An image processing method eliminates the seams between adjacent projectors in a multi-projector autostereoscopic display system. The abutting views of two adjacent projectors are overlapped. The image generator shows the same image in the overlapped views, so that the viewer cannot see the seam.

Description

    BACKGROUND OF THE INVENTION
  • 1. Field of the Invention
  • This invention relates generally to the field of video display systems. More particularly, the invention relates to a multi-projector autostereoscopic system for presenting a three dimensional display in which the seams between adjacent projectors are effectively eliminated.
  • 2. Background
  • Time multiplexing technology for achieving a three dimensional display is described in U.S. Pat. No. 5,132,839. The system disclosed therein comprises an image projector or “backlighting” apparatus for projecting beams of light in selected directions, a spatial light modulator or shutter for displaying images back lit by the backlighting apparatus and a control system coupled to both the spatial light modulator and the backlighting apparatus. The control system causes a plurality of images of an object to be formed in succession on the spatial light modulator with each image being a view of the subject form a different angle, and each image being viewable only from particular angles. The images are formed one at a time on the spatial light modulator with a plurality of images constituting a single frame of a video picture. In the described embodiments, the backlighting apparatus includes a two dimensional display device for emitting spots of lights at selected locations along the two dimensional display, and a lens system for refracting light emitted by the two dimensional display device. The lens system refracts beams emanating from a spot of light on the two dimensional display into substantially parallel rays. The different individual views of the subject are thus projected onto an image plane at discrete horizontal positions, referred to as eye boxes or view ports, the positions being spaced apart by a distance that is less than the intra-pupillary spacing of a human. An observer is thus presented with a stereoscopic view of the subject. Furthermore, a sufficient number of different views are provided so that the observer may move from side to side to “see” the subject from different angles.
  • The number of different view angles in such an autostereoscopic display system is limited by practical considerations, including the image refresh rate of the image projector and the size of the shutter. Thus, the horizontal field of view is necessarily limited. One straightforward way to increase the field of view is utilize multiple projectors. However, the seams between projectors are noticeable due to the difficulty of abutting the view planes side by side. In this case, as a viewer moves his or her head horizontally, either black seam lines are noticeable or superimposed images are noticed. There was an attempt to reduce the visual effect of the seams by placing an optical diffuser in the projection path. This method reduced, but did not eliminate, the visual effect of seamlines. However, the overall image quality is reduced due to the lenticular lens used as a diffuser.

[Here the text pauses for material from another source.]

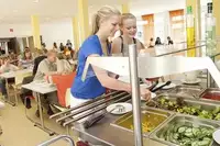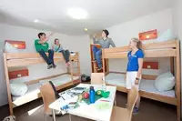 188 Betten in 52 Zwei- bis Vierbettzimmern - alle mit DU/WC, davon 10 Betreuerzimmer und4 Vierbettzimmer für Rollstuhlfahrer, 6 Tagesräume, Mehrzweckraum/Discoraum, Aufenthaltsraum für Lehrer und Gruppenleiter, Internet- Terminal, Terrasse, Fahrradabstellraum, Gepäckraum. Beamer, TV, Flipchart, Metaplanwand, Pinnwand, Moderationskoffer, Overheadprojektor, Musikanlage, DVD-Player, E-Piano

  • SUMMARY OF THE INVENTION
  • The present invention provides an image processing method that eliminates the seams between adjacent projectors in a multi-projector autostereoscopic display system. The abutting views of two adjacent projectors are overlapped. The image generator shows the same image in the overlapped views, so that the viewer cannot see the seam. However, using this method, one field of view is lost.

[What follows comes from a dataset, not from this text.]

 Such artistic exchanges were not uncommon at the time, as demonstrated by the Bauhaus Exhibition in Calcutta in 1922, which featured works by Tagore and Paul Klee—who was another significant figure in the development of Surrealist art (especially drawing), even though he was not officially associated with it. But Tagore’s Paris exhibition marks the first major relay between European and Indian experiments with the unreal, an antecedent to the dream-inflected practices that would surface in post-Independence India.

  • BRIEF DESCRIPTION OF THE DRAWINGS
  • FIG. 1 is a schematic diagram of a prior art autostereoscopic display system with multiple projectors.

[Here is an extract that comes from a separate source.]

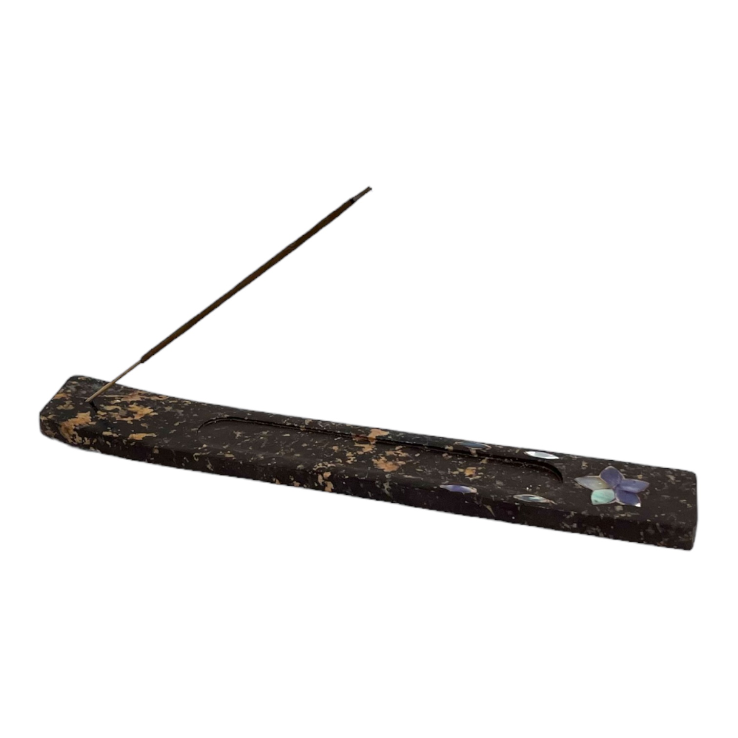 Wierookhouder gondel – speksteen – inlay blauwe bloem
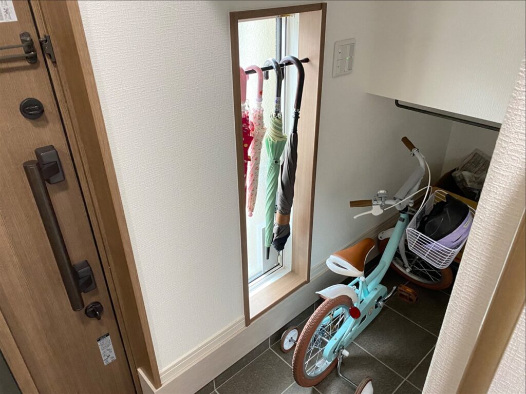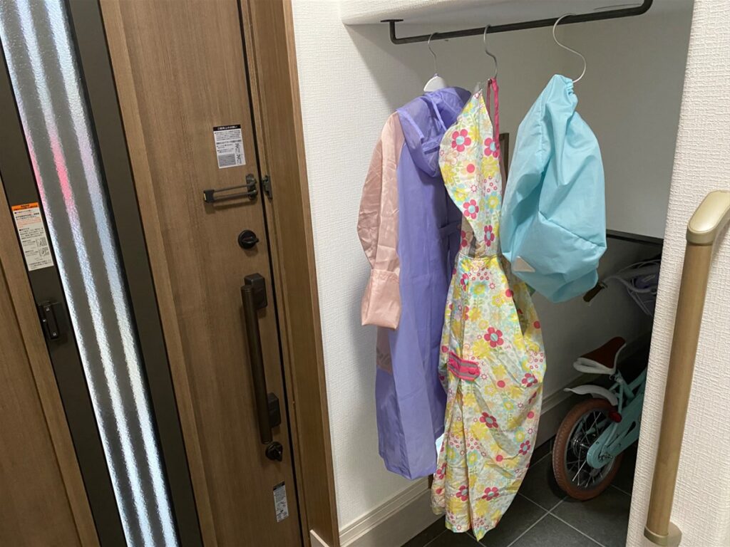 それは、濡れた傘、濡れた長靴、濡れたレインコートが玄関に置かれるからなんです。大人になったらあまり使わないので想像できませんでしたが、これらが玄関をジメらすんですよ。

  • FIG. 2 is a schematic diagram illustrating the seam line between abutting views of adjacent projectors in the system of FIG. 1.
  • FIG. 3 is a schematic diagram of a 3D display system in accordance with one embodiment of the present invention.
  • DETAILED DESCRIPTION OF THE INVENTION
  • In the following description, for purposes of explanation and not limitation, specific details are set forth in order to provide a thorough understanding of the present invention. However, it will be apparent to one skilled in the art that the present invention may be practiced in other embodiments that depart from these specific details. In other instances, detailed descriptions of well-known methods and devices are omitted so as to not obscure the description of the present invention with unnecessary detail.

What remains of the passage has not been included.